DATA SUPPLIED: Begin

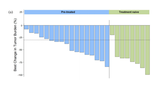 △图2.PAS(a)和所有NSCLC患者(b)的肿瘤负荷最大变化瀑布图:瀑布图为IRC评估PAS(n=26)和所有NSCLC患者(n=47)所有靶病变的肿瘤负荷最大变化;瀑布图仅显示具有可测量靶病变的患者;在PAS和所有NSCLC中,分别有1和2例患者无可测量病灶。
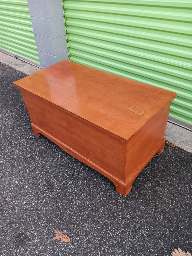 44"×22.5"×22" tall. Solid real wood. Good condition. Cedar-lined. Lock disabled for safety. Some finish blemishes. Pickup only #672
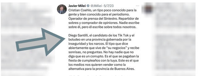 LOS DEMOLEDORES TUITS DEL PRESIDENTE MILEI CONTRA DIEGO SANTILLI, HOY CANDIDATOAllá por 2023, el libertario -todavía en el llano- armó un hilo de X contra “la casta”, en donde apuntó contra varios políticos. Uno de ellos fue el por entonces precandidato a gobernador bonaerense por el PRO, Diego Santilli al que llamó “el candidato de los TikTok y el boludeo en una provincia gobernada por la inseguridad y los narcos”. ....LEER MÁS .... POLÍTICA
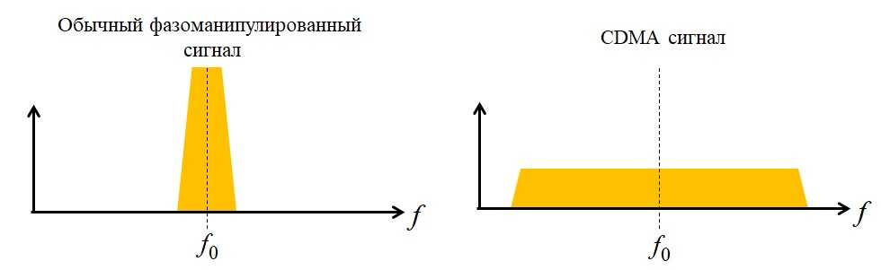 Системы с расширенным спектром более устойчивы к узкополосным помехам по частотно-селективным замираниям. Когда говорим о кодовом разделении каналов, расширение спектра происходит как побочное действие, потому что скорость манипуляции увеличивается.
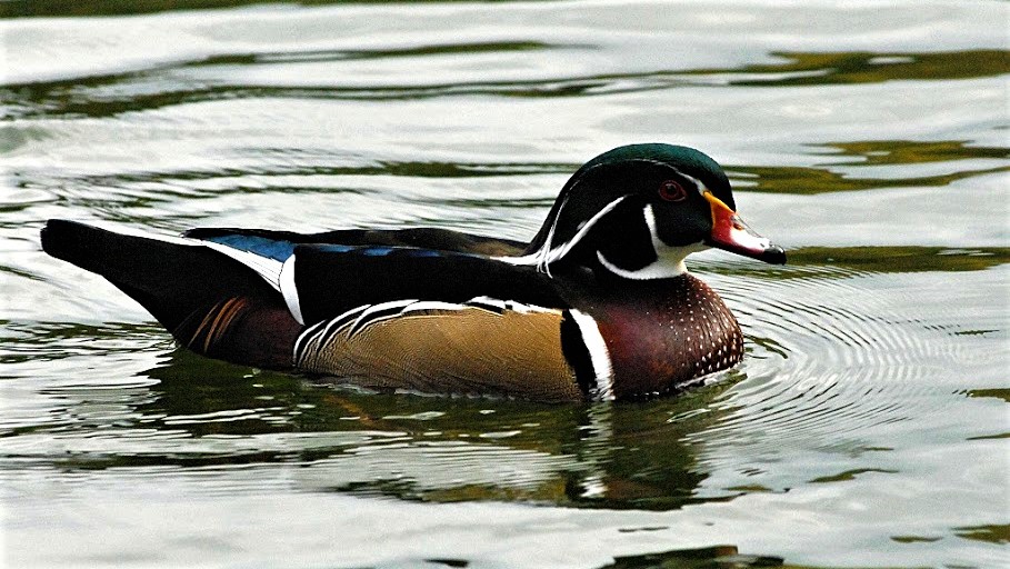 le canard carolin, ou canard branchu, espèce nord-américaine tout aussi magnifique
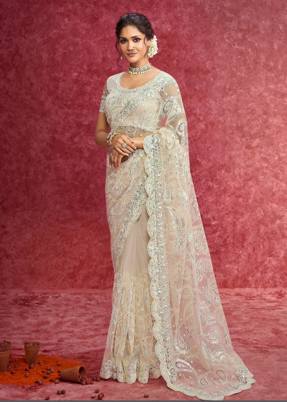 A lightweight white saree with sequinsed embellishment all over with a designer blouse
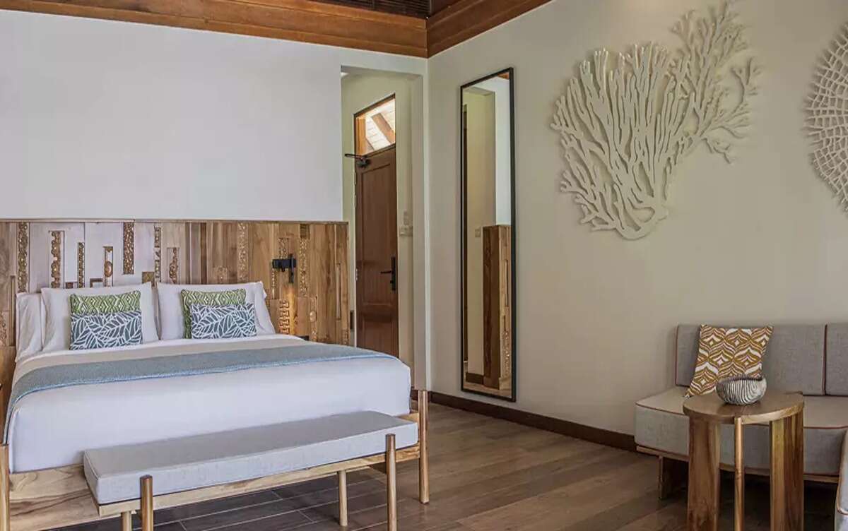 Szobák felszereltsége (Sunrise Beach Villa): Tenger felé néző, jól bútorozott terasszal, hintával, légkondicionálóval, a minibár teával és kávéval, széffel, napozóággyal, TV-vel, telefonnal, wifivel, kinti-benti zuhanyzóval, káddal rendelkezik.

DATA SUPPLIED: End

PROMPT: Once the pictures are set aside, write out each record exactly.

RESPONSE TO THIS TASK:
 △图2.PAS(a)和所有NSCLC患者(b)的肿瘤负荷最大变化瀑布图:瀑布图为IRC评估PAS(n=26)和所有NSCLC患者(n=47)所有靶病变的肿瘤负荷最大变化;瀑布图仅显示具有可测量靶病变的患者;在PAS和所有NSCLC中,分别有1和2例患者无可测量病灶。
 44"×22.5"×22" tall. Solid real wood. Good condition. Cedar-lined. Lock disabled for safety. Some finish blemishes. Pickup only #672
 LOS DEMOLEDORES TUITS DEL PRESIDENTE MILEI CONTRA DIEGO SANTILLI, HOY CANDIDATOAllá por 2023, el libertario -todavía en el llano- armó un hilo de X contra “la casta”, en donde apuntó contra varios políticos. Uno de ellos fue el por entonces precandidato a gobernador bonaerense por el PRO, Diego Santilli al que llamó “el candidato de los TikTok y el boludeo en una provincia gobernada por la inseguridad y los narcos”. ....LEER MÁS .... POLÍTICA
 Системы с расширенным спектром более устойчивы к узкополосным помехам по частотно-селективным замираниям. Когда говорим о кодовом разделении каналов, расширение спектра происходит как побочное действие, потому что скорость манипуляции увеличивается.
 le canard carolin, ou canard branchu, espèce nord-américaine tout aussi magnifique
 A lightweight white saree with sequinsed embellishment all over with a designer blouse
 Szobák felszereltsége (Sunrise Beach Villa): Tenger felé néző, jól bútorozott terasszal, hintával, légkondicionálóval, a minibár teával és kávéval, széffel, napozóággyal, TV-vel, telefonnal, wifivel, kinti-benti zuhanyzóval, káddal rendelkezik.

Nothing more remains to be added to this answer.